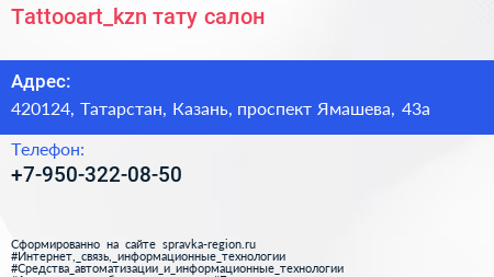 Tattooart_kzn, тату-салон по адресу 420124, Татарстан, Казань, проспект Ямашева, 43а в дальнейшем Организация, размещена в следующих категориях:
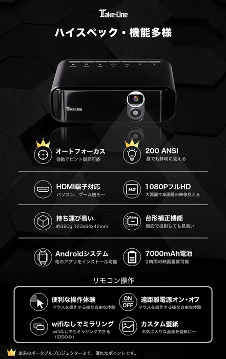 テイクワンテクノロジー株式会社(本社:東京都港区)は、自社ブランド「Take-One」の新商品「オートフォーカス搭載高画質プロジェクターT80」を2020年11月5日よりクラウドファンディングサイトMakuakeにて先行予約販売を開始しました。
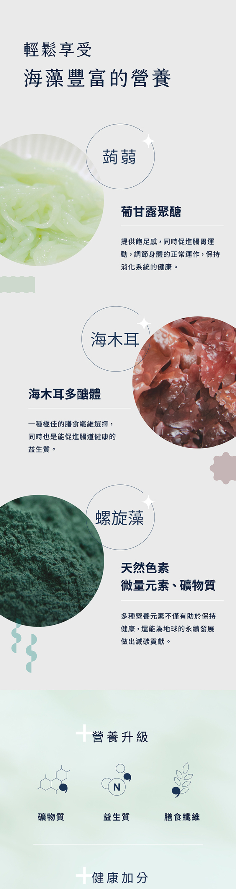 ◆額外添加【海木耳多醣體與螺旋藻萃取】,提供多元膳食纖維來源,有助促進腸道蠕動與增加飽足感,低熱量也能輕鬆滿足食慾
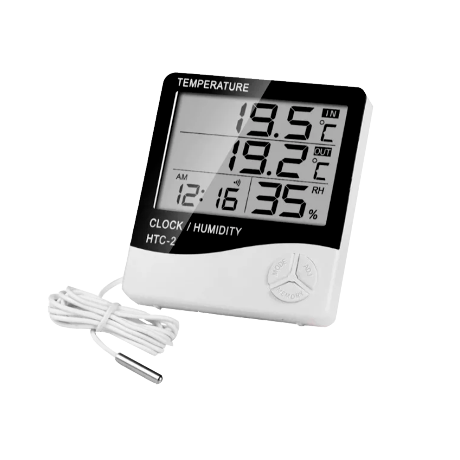 Termómetro–higrómetro digital con LCD para monitorear temperatura y humedad. Recurso didáctico para laboratorios escolares y proyectos de ciencias ambientales en aula.
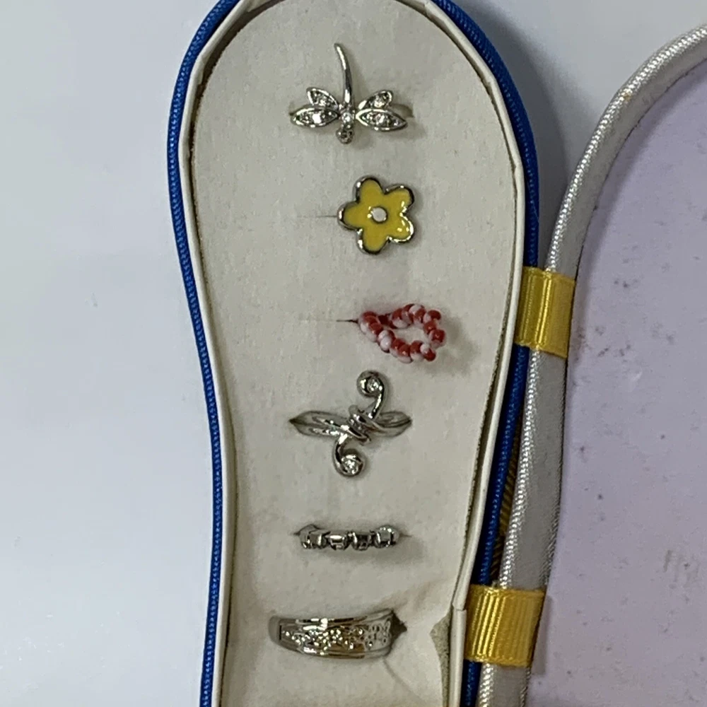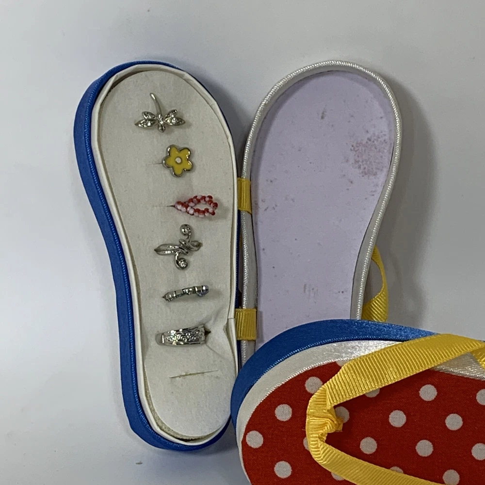 Toe Ring Gift Set 6 Peti Party Flip Flip Box Avon NIB 1 Missing •••**. 1 ring missing Outer Box not in great condition due to storage, rings are new and un worn Items from estate collection of fine and costume jewelry, will be listing more as time permits! Happy to combine shipping, wait on invoice before purchase -100% return on all items: for any reason! -Free returns : all items purchased, if arrived not as described : broken : error in listing -color and description: I do my personal best to describe for you, and is my opinion -size : all items with show size in pictures , to the exact possible measurements that I can, vintage size may be different than todays, so please take your favorites and measure them and compare:) - please ask away! Any questions or concerns are encouraged before purchase! I will be happy to reply quickly! -ALL items will arrive clean. Item clothing will be washed in persil and lined dried, items with tags will NOT be washed. Some vintage items may not be as well to save the integrity, but if not washed will be noted in listing! - all flaws will be noted in listing and photographed well! if I miss something let me know. *** all items are stored in a pug loving home, not his room but his house :) If you made it this far reading , I thank you! I appreciate you! I hope to do business with you. Happy shopping Melissa - [ ]

Task item →
Your task is to reproduce all of the material exactly. The pictures stay out.

Exercise answer →
 Tattooart_kzn, тату-салон по адресу 420124, Татарстан, Казань, проспект Ямашева, 43а в дальнейшем Организация, размещена в следующих категориях:
 テイクワンテクノロジー株式会社(本社:東京都港区)は、自社ブランド「Take-One」の新商品「オートフォーカス搭載高画質プロジェクターT80」を2020年11月5日よりクラウドファンディングサイトMakuakeにて先行予約販売を開始しました。
 ◆額外添加【海木耳多醣體與螺旋藻萃取】,提供多元膳食纖維來源,有助促進腸道蠕動與增加飽足感,低熱量也能輕鬆滿足食慾
 Termómetro–higrómetro digital con LCD para monitorear temperatura y humedad. Recurso didáctico para laboratorios escolares y proyectos de ciencias ambientales en aula.
 Toe Ring Gift Set 6 Peti Party Flip Flip Box Avon NIB 1 Missing •••**. 1 ring missing Outer Box not in great condition due to storage, rings are new and un worn Items from estate collection of fine and costume jewelry, will be listing more as time permits! Happy to combine shipping, wait on invoice before purchase -100% return on all items: for any reason! -Free returns : all items purchased, if arrived not as described : broken : error in listing -color and description: I do my personal best to describe for you, and is my opinion -size : all items with show size in pictures , to the exact possible measurements that I can, vintage size may be different than todays, so please take your favorites and measure them and compare:) - please ask away! Any questions or concerns are encouraged before purchase! I will be happy to reply quickly! -ALL items will arrive clean. Item clothing will be washed in persil and lined dried, items with tags will NOT be washed. Some vintage items may not be as well to save the integrity, but if not washed will be noted in listing! - all flaws will be noted in listing and photographed well! if I miss something let me know. *** all items are stored in a pug loving home, not his room but his house :) If you made it this far reading , I thank you! I appreciate you! I hope to do business with you. Happy shopping Melissa - [ ]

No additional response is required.